*** Opening Supplied material ***

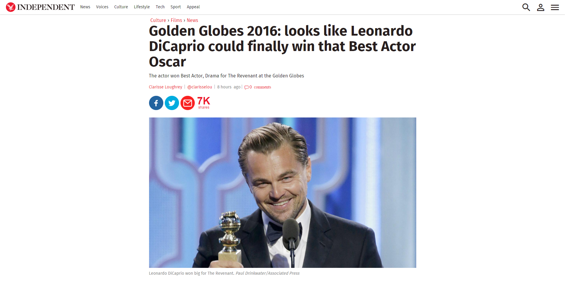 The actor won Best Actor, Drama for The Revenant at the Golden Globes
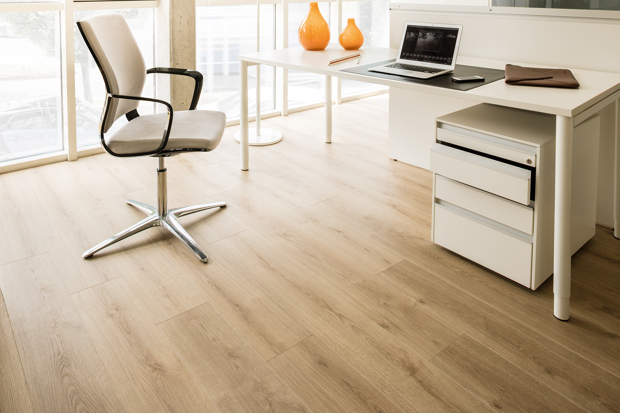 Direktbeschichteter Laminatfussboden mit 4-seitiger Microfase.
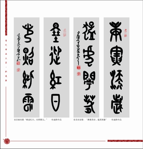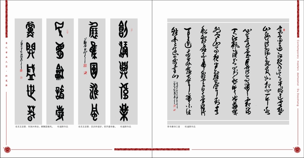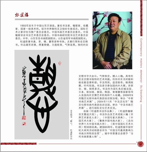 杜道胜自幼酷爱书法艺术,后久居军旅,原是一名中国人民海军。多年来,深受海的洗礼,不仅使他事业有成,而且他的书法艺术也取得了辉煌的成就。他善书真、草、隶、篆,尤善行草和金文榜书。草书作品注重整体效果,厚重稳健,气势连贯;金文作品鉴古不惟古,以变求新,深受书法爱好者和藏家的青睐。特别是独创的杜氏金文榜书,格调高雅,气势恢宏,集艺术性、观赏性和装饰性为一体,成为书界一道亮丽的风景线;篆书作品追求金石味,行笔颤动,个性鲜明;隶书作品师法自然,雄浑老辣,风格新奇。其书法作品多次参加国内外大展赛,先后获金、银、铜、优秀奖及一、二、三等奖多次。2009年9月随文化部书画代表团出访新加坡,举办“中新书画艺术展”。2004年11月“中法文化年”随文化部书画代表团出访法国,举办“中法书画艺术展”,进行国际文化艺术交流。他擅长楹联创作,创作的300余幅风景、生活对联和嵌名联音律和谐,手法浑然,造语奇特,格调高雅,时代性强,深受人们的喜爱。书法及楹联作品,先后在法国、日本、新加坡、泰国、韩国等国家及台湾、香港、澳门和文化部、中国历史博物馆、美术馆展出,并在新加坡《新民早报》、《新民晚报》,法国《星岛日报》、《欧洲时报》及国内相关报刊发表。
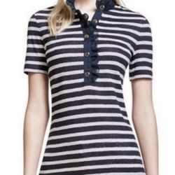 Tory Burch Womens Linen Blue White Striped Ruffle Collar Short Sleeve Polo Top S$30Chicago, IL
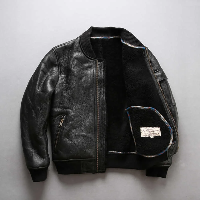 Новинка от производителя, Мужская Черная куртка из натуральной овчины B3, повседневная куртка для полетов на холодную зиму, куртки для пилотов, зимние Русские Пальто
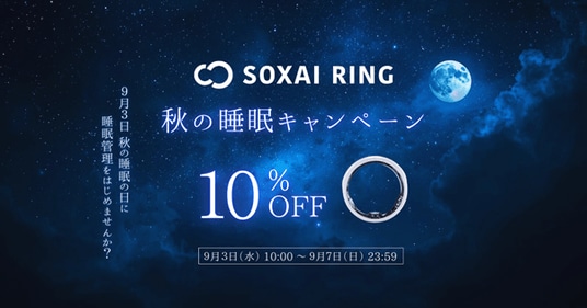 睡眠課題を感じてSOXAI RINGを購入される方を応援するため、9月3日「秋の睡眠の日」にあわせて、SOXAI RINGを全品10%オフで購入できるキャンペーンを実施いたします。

*** Closing Supplied material ***

→ **Task requirements**: Produce an exact copy of the lines from the line with "杜道胜自幼酷爱书法艺术,后久" through the last line of the data above, both ends included. No pictures belong in it.

→ **Task solution**:
 杜道胜自幼酷爱书法艺术,后久居军旅,原是一名中国人民海军。多年来,深受海的洗礼,不仅使他事业有成,而且他的书法艺术也取得了辉煌的成就。他善书真、草、隶、篆,尤善行草和金文榜书。草书作品注重整体效果,厚重稳健,气势连贯;金文作品鉴古不惟古,以变求新,深受书法爱好者和藏家的青睐。特别是独创的杜氏金文榜书,格调高雅,气势恢宏,集艺术性、观赏性和装饰性为一体,成为书界一道亮丽的风景线;篆书作品追求金石味,行笔颤动,个性鲜明;隶书作品师法自然,雄浑老辣,风格新奇。其书法作品多次参加国内外大展赛,先后获金、银、铜、优秀奖及一、二、三等奖多次。2009年9月随文化部书画代表团出访新加坡,举办“中新书画艺术展”。2004年11月“中法文化年”随文化部书画代表团出访法国,举办“中法书画艺术展”,进行国际文化艺术交流。他擅长楹联创作,创作的300余幅风景、生活对联和嵌名联音律和谐,手法浑然,造语奇特,格调高雅,时代性强,深受人们的喜爱。书法及楹联作品,先后在法国、日本、新加坡、泰国、韩国等国家及台湾、香港、澳门和文化部、中国历史博物馆、美术馆展出,并在新加坡《新民早报》、《新民晚报》,法国《星岛日报》、《欧洲时报》及国内相关报刊发表。
 Tory Burch Womens Linen Blue White Striped Ruffle Collar Short Sleeve Polo Top S$30Chicago, IL
 Новинка от производителя, Мужская Черная куртка из натуральной овчины B3, повседневная куртка для полетов на холодную зиму, куртки для пилотов, зимние Русские Пальто
 睡眠課題を感じてSOXAI RINGを購入される方を応援するため、9月3日「秋の睡眠の日」にあわせて、SOXAI RINGを全品10%オフで購入できるキャンペーンを実施いたします。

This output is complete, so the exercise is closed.